* What you should do
Pictures are not repeated. Every line from the beginning of the entries through the one with "VARBERG MUSEUM ////" is restated exactly.

** Provided records follows **

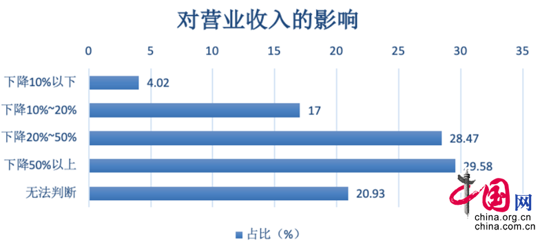 春節期間原是全年消費旺季,但是由于春節之前全國各地開始嚴格管控聚餐、大型活動等,導致非疫情相關企業無法正常開工,營業收入大量下降。例如房地產企業,受到疫情影響,房地產企業全部不允許進行樓盤銷售活動,房地產交易量持續走低,進而影響房價整體下降,房企抵押物不足,融資難度加大;其他零售業、服務行業等,由于疫情傳播速度快,春節假期大部分人都“閉戶在家”休息,較少會選擇外出購物、聚餐、旅游,因此對該類行業的經營造成極大沖擊。據清華、北大聯合調研995家中小企業對此次疫情的評估與看法,29.58%的企業估計疫情導致2020年營業收入下降幅度超50%,28.47%的企業預計營業收入下降20%-50%,合計58.05%的企業2020年營業收入下降20%以上。
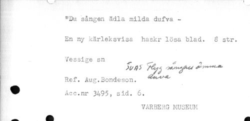 //// "Du sången ädla milda dufva - //// En ny kärleksvisa haskr lösa blad. 3 str. //// Vessige sn ^ ^ //// Ref. Aug.Bondeson. ^^ //// ^ Acc.nr 3495, sid. 6. //// VARBERG MUSEUM ////
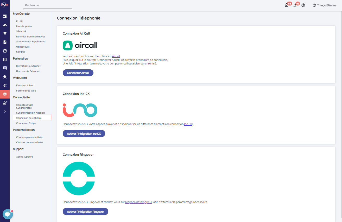 Afin de bénéficier de la synchronisation téléphonique, il convient de souscrire un abonnement Ringover (formule minimum : business). Contactez-nous pour savoir comment le connecter à Lya.
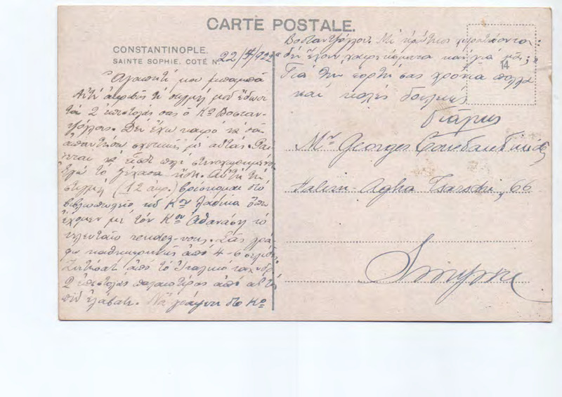 Card Postal προς Γεώργιο Κωνσταντινίδη 22/04/1922
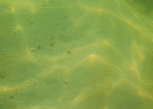 砂地は海藻が少なく、生息するのは二枚貝やムシ類がメイン。キスやカレイはいるがロックフィッシュはほとんどいない。ただし、アマダイがいるような場所にはアオハタがいるので油断はできない。
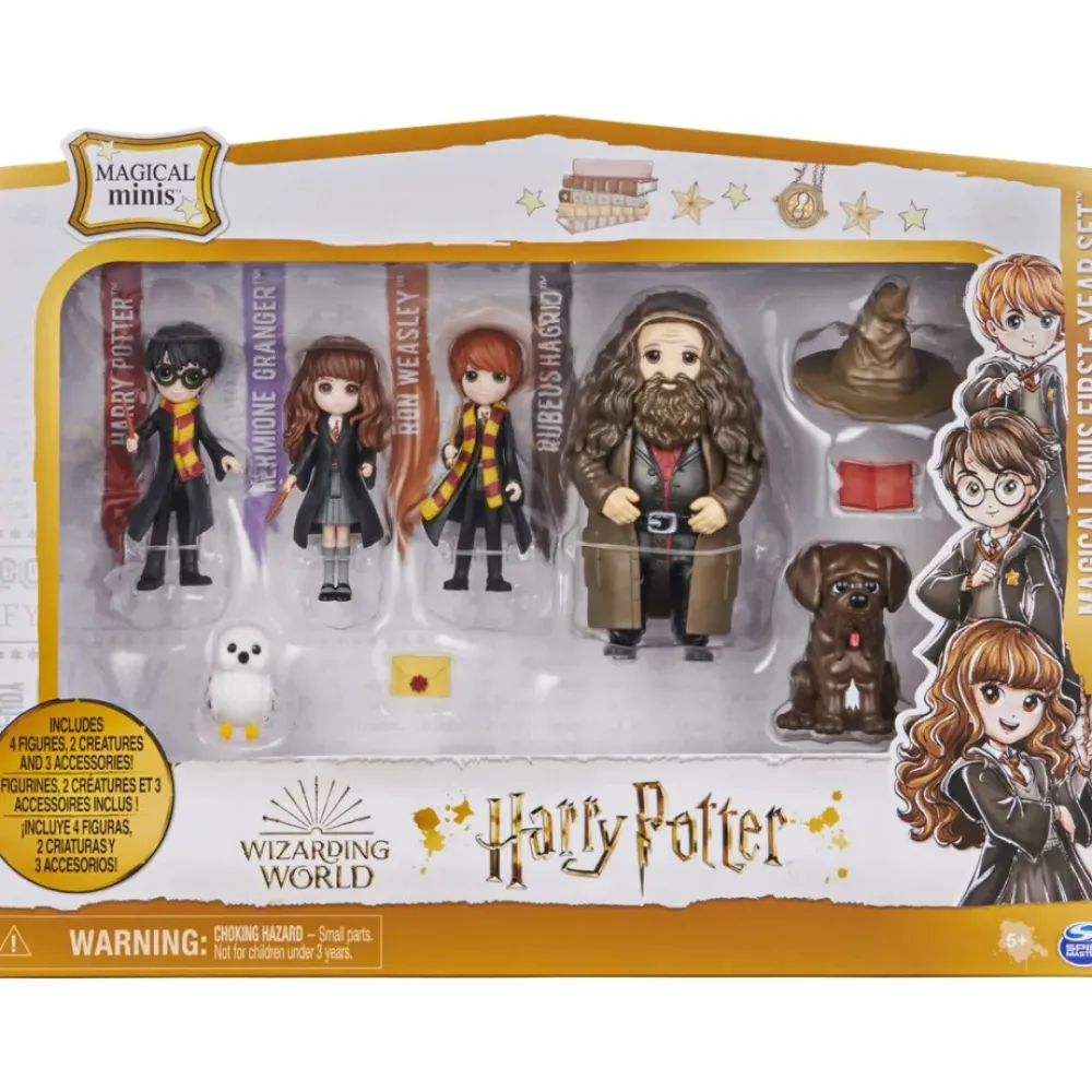 Recrea El Primer Ano En Hogwarts Con Tus Personajes Favoritos De Harry Potter Y El Wizarding World Magical Minis First-Year Set. Este Conjunto De Muñecos De Harry Potter Es Imprescindible Para Los Fans. Incluye A Los Muñecos De Harry Potter, Hermione Granger, Ron Weasley De 7,6 Cm Y Al Muneco De Rubeus Hagrid De 10,2 Cm, Ademas De Tres Accesorios, Hedwig Y Fang. Cada Muneco Tiene Muchos Detalles Que Hacen Cobrar Vida A Los Entranables Personajes De Harry Potter. Con Los Uniformes De Hogwarts Del Trio Y El Cabello Largo Y El Abrigo De Hagrid, Estos Articulos Coleccionables Magical Minis De Harry Potter Estan Listos Para Interminables Aventuras Fascinantes. Coloca El Sombrero Seleccionador A Cualquiera De Las Figuras Y Recrea La Emblematica Ceremonia De Seleccion. Con Sus Detalles Identicos A Los Del Personaje, Puedes Ayudar A Hedwig A Entregar Mensajes Importantes Con El Sobre De Hogwarts Y Fang Puede Acompanar A Tus Figuras En Cada Aventura. El Magical Minis First-Year Set Es La Manera Perfecta De Inspirar Tu Imaginacion A Traves De Un Divertido Y Emocionante Juego De Simulacion. Para Idear Mas Formas De Jugar, Explora Los Pasillos Del Magical Minis Hogwarts Castle (Se Vende Por Separado) Y Colecciona Todos Los Muñecos, Los Friendship Sets Y Los Escenarios (Se Venden Por Separado) Para Construir Tu Propio Wizarding World. Los Pequenos Muñecos Magical Minis Y El First-Year Set Son Excelentes Regalos Para Ninos A Partir De 5 Anos. Revive El Primer Ano En Hogwarts Con El Wizarding World Magical Minis First-Year Set.

** End of Provided records **

* Solved problem
 春節期間原是全年消費旺季,但是由于春節之前全國各地開始嚴格管控聚餐、大型活動等,導致非疫情相關企業無法正常開工,營業收入大量下降。例如房地產企業,受到疫情影響,房地產企業全部不允許進行樓盤銷售活動,房地產交易量持續走低,進而影響房價整體下降,房企抵押物不足,融資難度加大;其他零售業、服務行業等,由于疫情傳播速度快,春節假期大部分人都“閉戶在家”休息,較少會選擇外出購物、聚餐、旅游,因此對該類行業的經營造成極大沖擊。據清華、北大聯合調研995家中小企業對此次疫情的評估與看法,29.58%的企業估計疫情導致2020年營業收入下降幅度超50%,28.47%的企業預計營業收入下降20%-50%,合計58.05%的企業2020年營業收入下降20%以上。
 //// "Du sången ädla milda dufva - //// En ny kärleksvisa haskr lösa blad. 3 str. //// Vessige sn ^ ^ //// Ref. Aug.Bondeson. ^^ //// ^ Acc.nr 3495, sid. 6. //// VARBERG MUSEUM ////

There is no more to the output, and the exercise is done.